If you disregard this opinion, GenAI makers have a strong fair use argument. An AI learns like a human being learns: from birth onward, everything you sense—everything you read, see, hear, touch, taste, and smell—sends information that educates your brain, enabling you to generate outputs in the form of writing, speech, and actions. After all, that’s why we call the technology “artificial intelligence.” Unless you as a human memorize and repeat a specific item of what you have read or heard, you are always synthesizing various ideas and information that you took in.

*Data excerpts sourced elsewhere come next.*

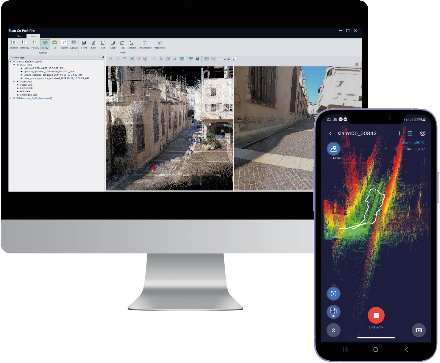 Le G_SLAM_PRO se distingue par bien plus que sa simple fonction de scanner. Cet équipement de nouvelle génération est conçu pour allier rapidité et précision, même dans les environnements urbains les plus complexes. Grâce à sa capacité à scanner en mouvement, il nous permet de générer des données tridimensionnelles d’une grande finesse, tout en maintenant une qualité optimale, ce qui est crucial pour des relevés en milieu urbain.
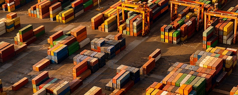 Containers waiting in port.
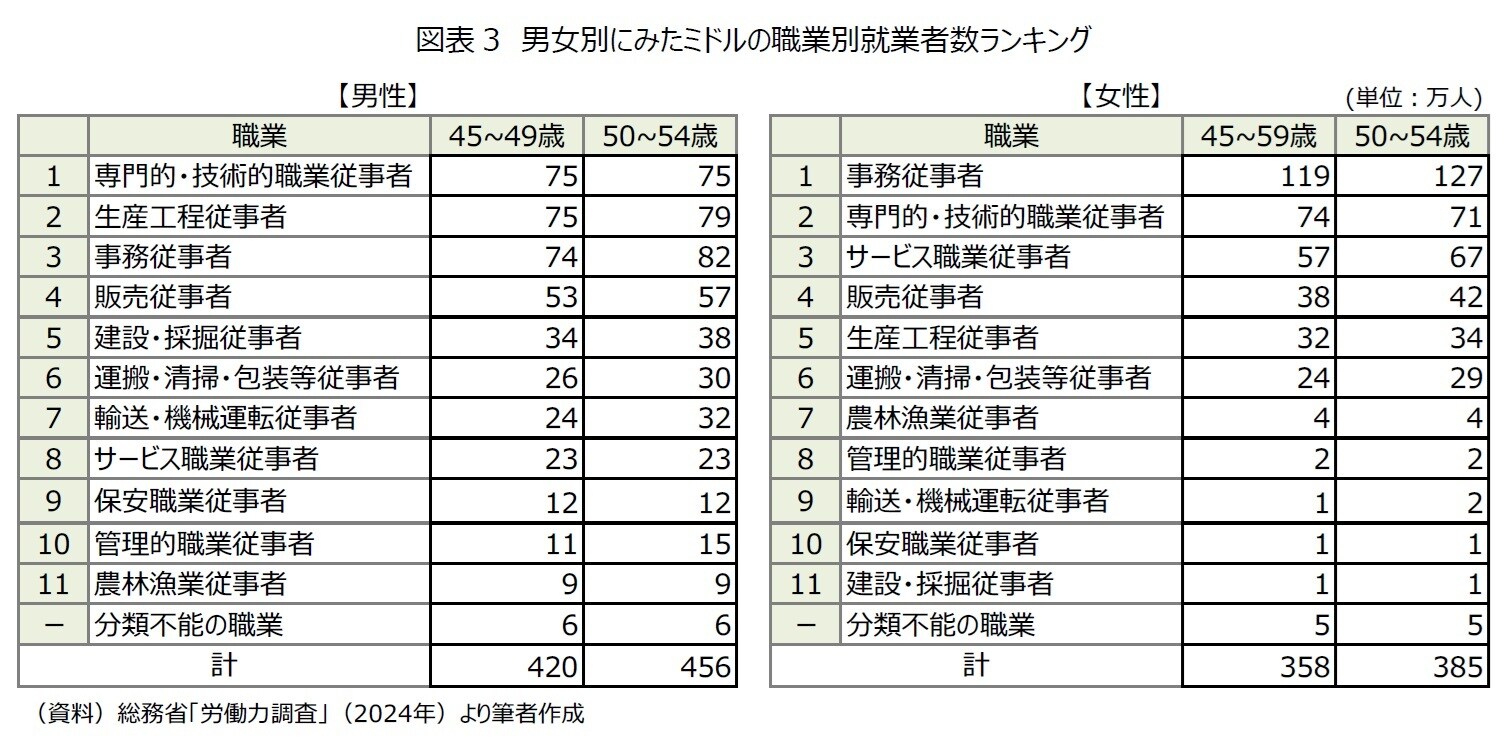 次に、ミドルが就いている具体的な職種を確認する。同じく総務省の「労働力調査」(2024年)より、「45~49歳」と「50~54歳」の就業者数を職業別にランキング(「45~49歳」の就業者数による順位付け)したものが[図表3]である。なお、「就業者」には、自営業者や企業の役員なども含まれる。

This human brain training might enable you to compete with whoever wrote the material. Perhaps if you read all of John Grisham’s novels, you could write like him and compete with him for book sales. But doing that would not make you a copyright infringer unless you stole blocks of his prose or details of his stories. Except in situations where some confidentiality obligation binds you, you are free to learn from others and to use that learning to compete with them.

Some plaintiffs suing GenAI makers claim that a GenAI will sometimes create an output that’s practically a copy of their copyright property. That’s a different situation. If that happens, copyright law is well-situated to address it. We have an established body of copyright law that doesn’t require significant development to resolve those cases. The big, valuable copyright battle is over GenAI training data, not its outputs.

What’s at Stake in this Training Data Copyright Litigation War?

The legal and societal question is whether you must purchase a license from the copyright owner to train a GenAI when that training could be described as merely a voyage of discovery and making connections about information in the world, similar to how a human learns.

There is a lot at stake here. Many content creators feel their livelihoods are threatened by what GenAI can create. Many technologists argue that GenAI creates huge opportunities for efficiency and advancement but fear that GenAI might not be sufficiently economically viable if practically all GenAI training data must be licensed.

Congress and the President could resolve this issue with legislation, but they tend to avoid getting involved in these legal fights. We will soon have rulings on fair use in GenAI cases. This issue will likely make it to the Supreme Court in a few years unless changes in AI technology make the issue moot.